Global ethylene, propylene and butadiene markets are changing;
– New large ethane-based ethylene plants are being commissioned in the USA. Will low ethane costs promote new terminal capacity and greater US ethylene exports?
– China continues to add propylene capacity through PDH and coal/methane based ethylene/propylene plants. Will these make propylene cheap enough to displace some of China’s propylene imports?
– European olefin production is likely to be squeezed, creating ethylene – and possibly propylene – import opportunities and decreasing butadiene export potential.
– In addition, there has been significant investment in large ethylene-capable vessels. NGLStrategy’s new multi-client study looks at these developments and presents its view on how global petchem gas trade will evolve to 2025 and how this will impact petchem gas shipping. It will provide companies with a basis for investment decisions and forming new strategies.
A fresh look at future seaborne petchem gas trade
New plants/bigger ships, potential for expanding trade
With new ethane-based ethylene capacity being added in the US Gulf, is there justification for new ethylene terminal capacity to supply US ethylene to Europe and Asia? Will it be cheaper for Europe to import ethylene than make it locally?
Will new Chinese capacity stunt propylene trade? As more propylene is produced in China from PDH and CTO/ MTO/MTP will propylene trade with China diminish? Will it be cheaper to import propylene or make it in China?
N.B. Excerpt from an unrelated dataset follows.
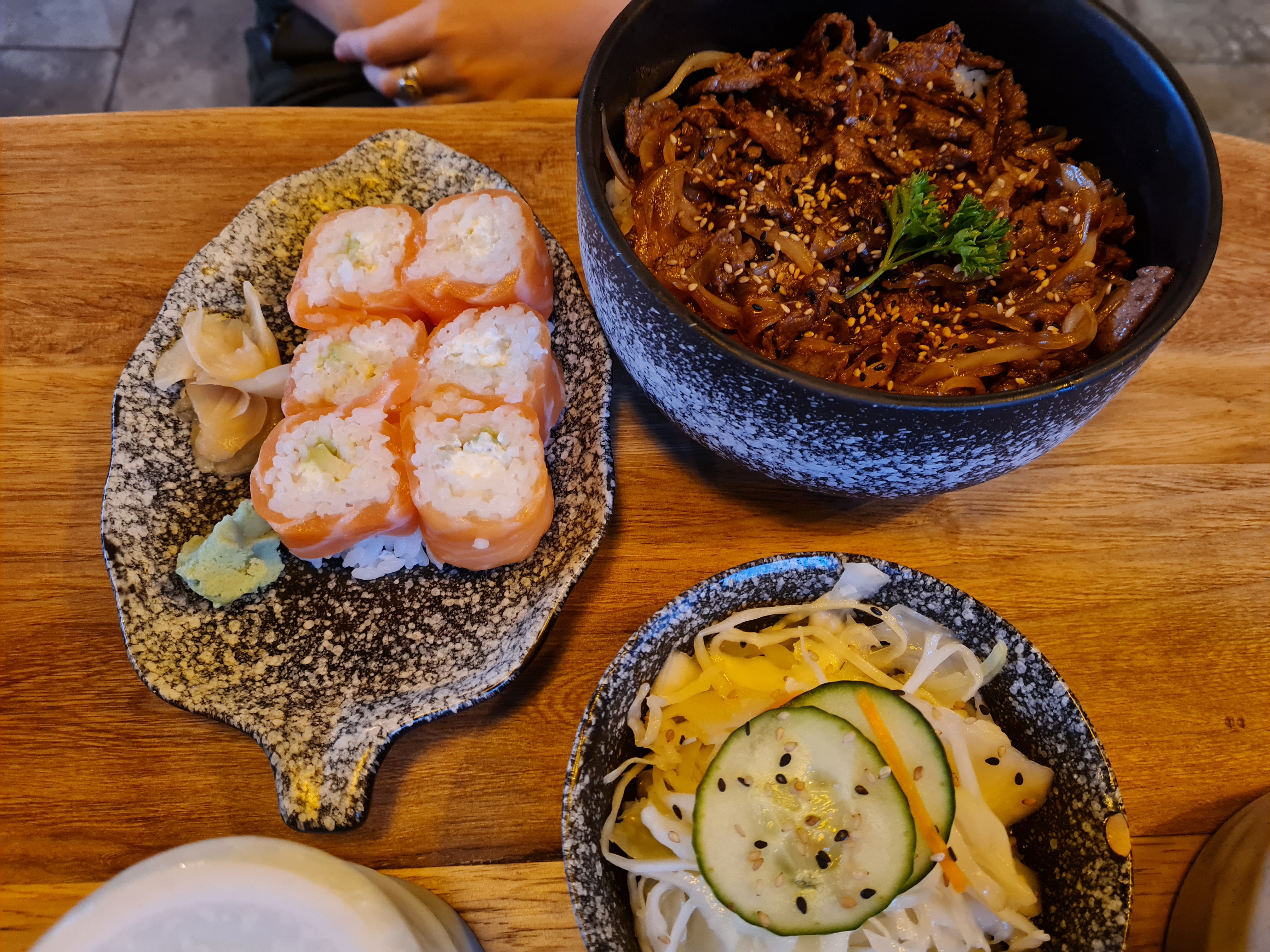 Une belle assiette, des réalisations de qualité. Un peu déçu par les 5 petits morceaux d'oignons frits collés sur les maquis au lieu de d'une belle couverture. Une garniture plus importante en gingembre serait appréciable aussi

Is Europe’s role in butadiene trade about to diminish? If European ethylene production from naphtha declines and less butadiene is made, how will global markets cope with the loss of butadiene from its major supplier?
PETCHEM GAS SHIPPING
What will be the impact in shipping? Given the addition of larger ethylene-capable ships to the fleet, what will be the impact of changes in petchem gas trade on trade routes and the vessels used?